Few issues are as frustrating to the contemporary researcher, particularly in the life sciences, as the time and effort spent negotiating the terms on which he or she can gain access to the research tools required to do an efficient job. In a less complex — perhaps slightly mythical — era, biological samples were exchanged freely between laboratories, equipment manufacturers were content merely if their products carried out specified tasks effectively, and experimental results were disseminated widely and rapidly.

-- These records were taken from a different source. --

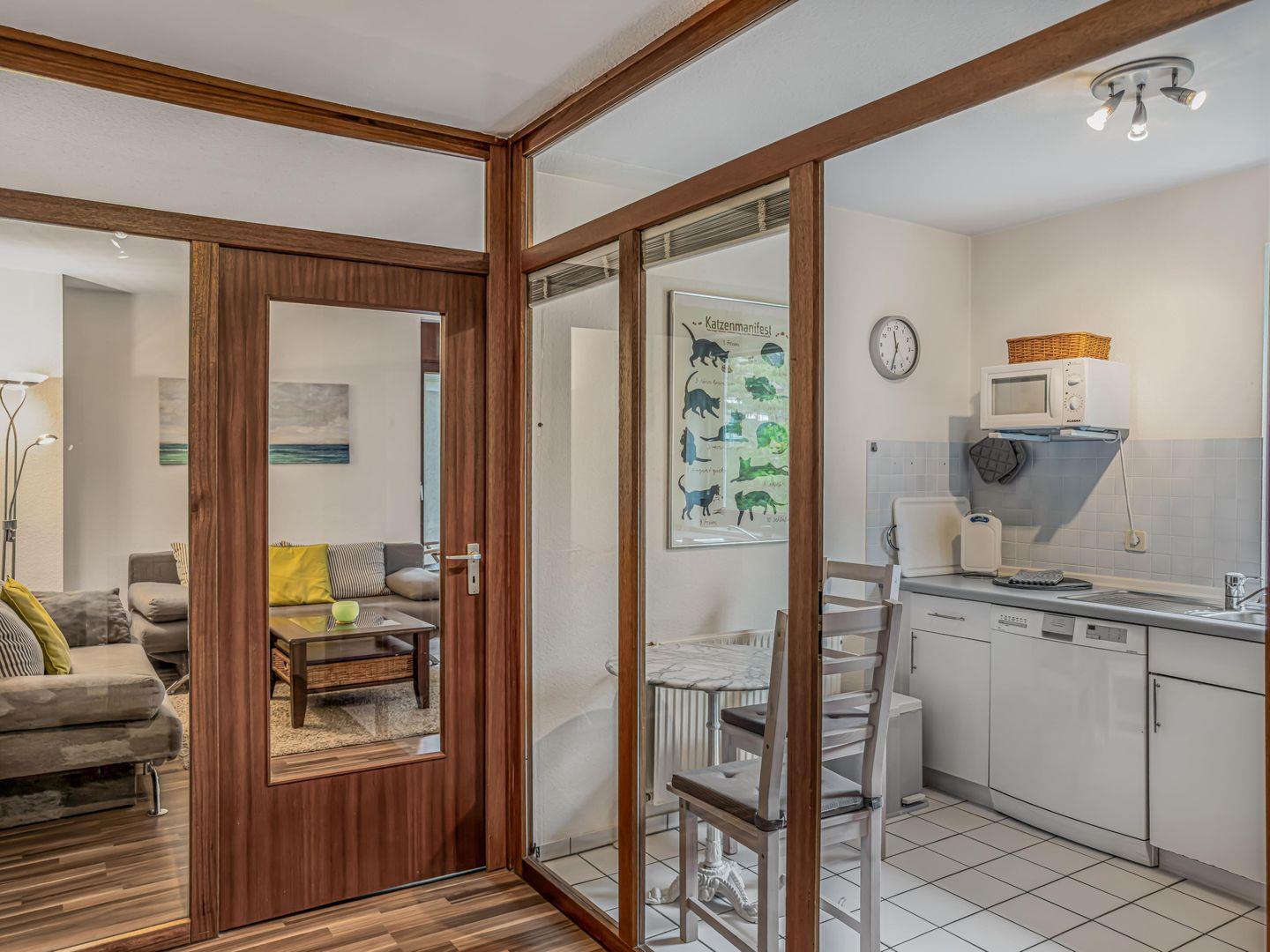 Dieses 2-Zimmer-Apartment im Hochparterre bietet auf ca. 53 m² eine komfortable und gut ausgestattete Unterkunft. Das Schlafzimmer ist mit einem Doppelbett ausgestattet, und das Duschbad verfügt über eine ebenerdige Dusche. Die Einbauküche mit 4-Platten-Herd, Backofen und Geschirrspüler lädt zum Kochen ein, während der separate Essbereich für gemütliche Mahlzeiten sorgt. Im Wohnzimmer stehen TV, Musikanlage und WLAN zur Verfügung. Ein Kinderreisebett ist ebenfalls vorhanden. Zum Entspannen lädt der Balkon ein. Waschmaschine und Trockner können im Keller genutzt werden, und ein PKW-Stellplatz rundet das Angebot ab. Der Strand ist nur ein kurzer Spaziergang entfernt.
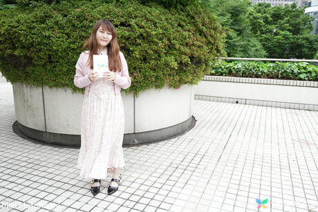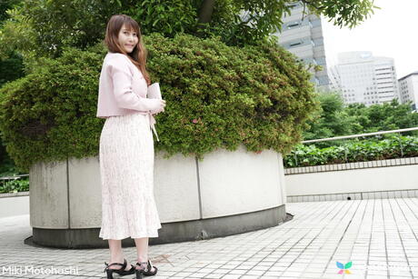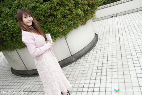 Tenshigao: Asian babe Miki Motohashi strips and rubs her pussy in the garden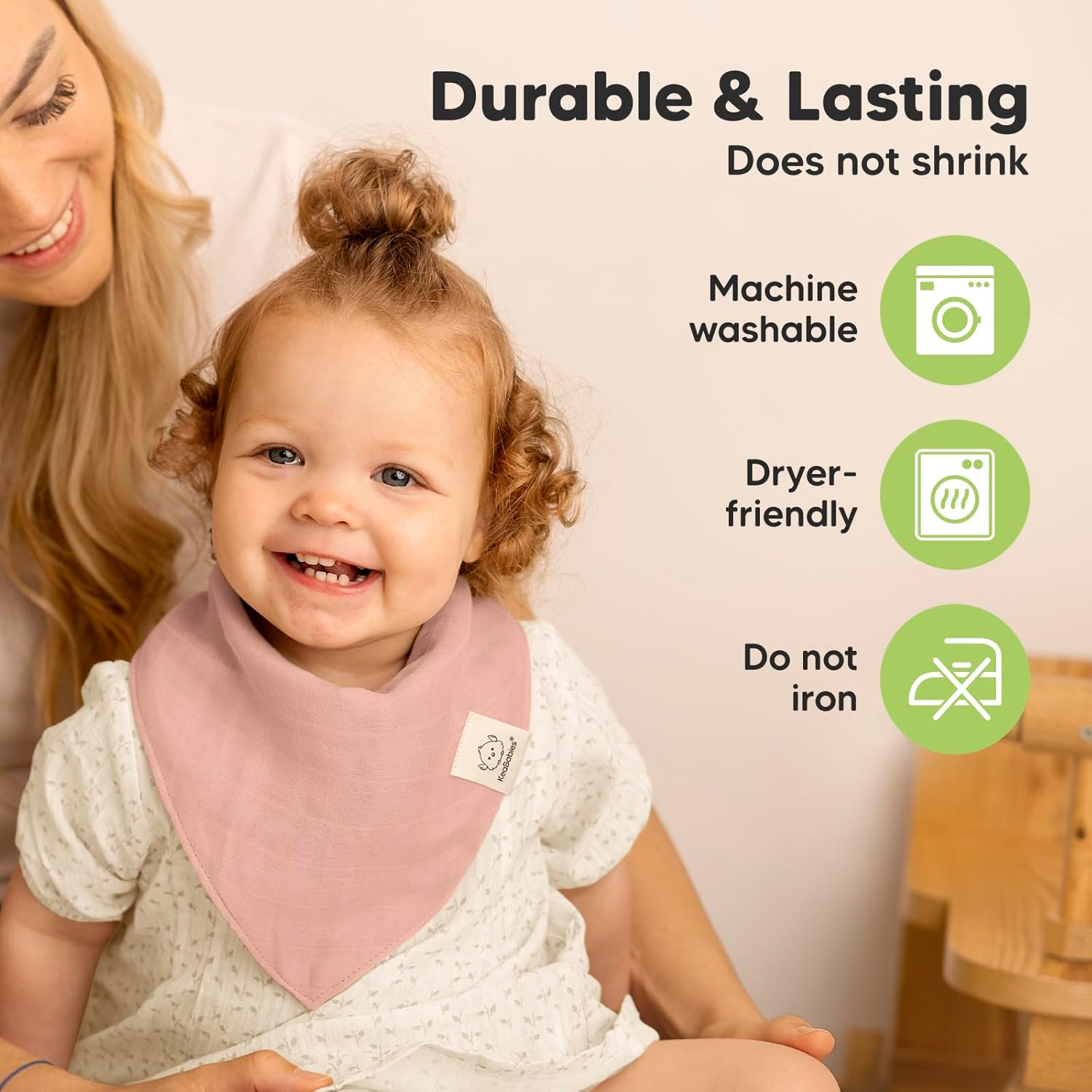 - Ultra-Soft & Breathable - The Lumi Muslin Bandana Bibs are cool to the touch, gentle on all skin types, and highly breathable. These baby drool bibs prevent heat rash and discomfort, making them ideal for teething and drooling infants and toddlers.

In today's world, as a report compiled by a working group set up by the National Institutes of Health (NIH) makes clear (see page 505), the demands of licensing agreements and the enforced need to respect the intellectual property of others is reaching critical dimensions. Samples can be jealously guarded, manufacturers can exploit the ownership of unique technologies, the terms of collaboration can be stringent, and publication can be delayed on demand. The working party's conclusion is stark: “We believe that current trends pose a serious threat to the best interests of the biomedical research and development community as a whole.”

The problem is when common sense and moderation give way to greed. It is one thing, for example, to expect a reasonable return from a discovery that will undoubtedly bring profit to others; it is another to exploit the virtual monopoly position which the law, in the hands of an aggressive and imaginative patent attorney, can potentially allow one researcher to exercise over another. The fault does not always lie in the explicitly profit-motivated private sector. The NIH working group says it found those in industry who had been taken aback by the price of cooperation being demanded by some university researchers.

Given the diversity of situations in which tensions can arise, and the widely varying practices between different parts of the scientific community, there are no easy solutions — certainly none that could be enshrined in compact legislation. The NIH, also aware of the limited range of its responsibilities, is right to talk more in terms of building a consensus around broad guidelines. But it must not shirk from making unpopular judgements, for example by exercising its ‘march-in’ rights, where the long-term interests of biomedical research conflict with the short-term avarice of individuals. Science is one domain where belief in Adam Smith's ‘invisible hand’ can create as many problems as it solves.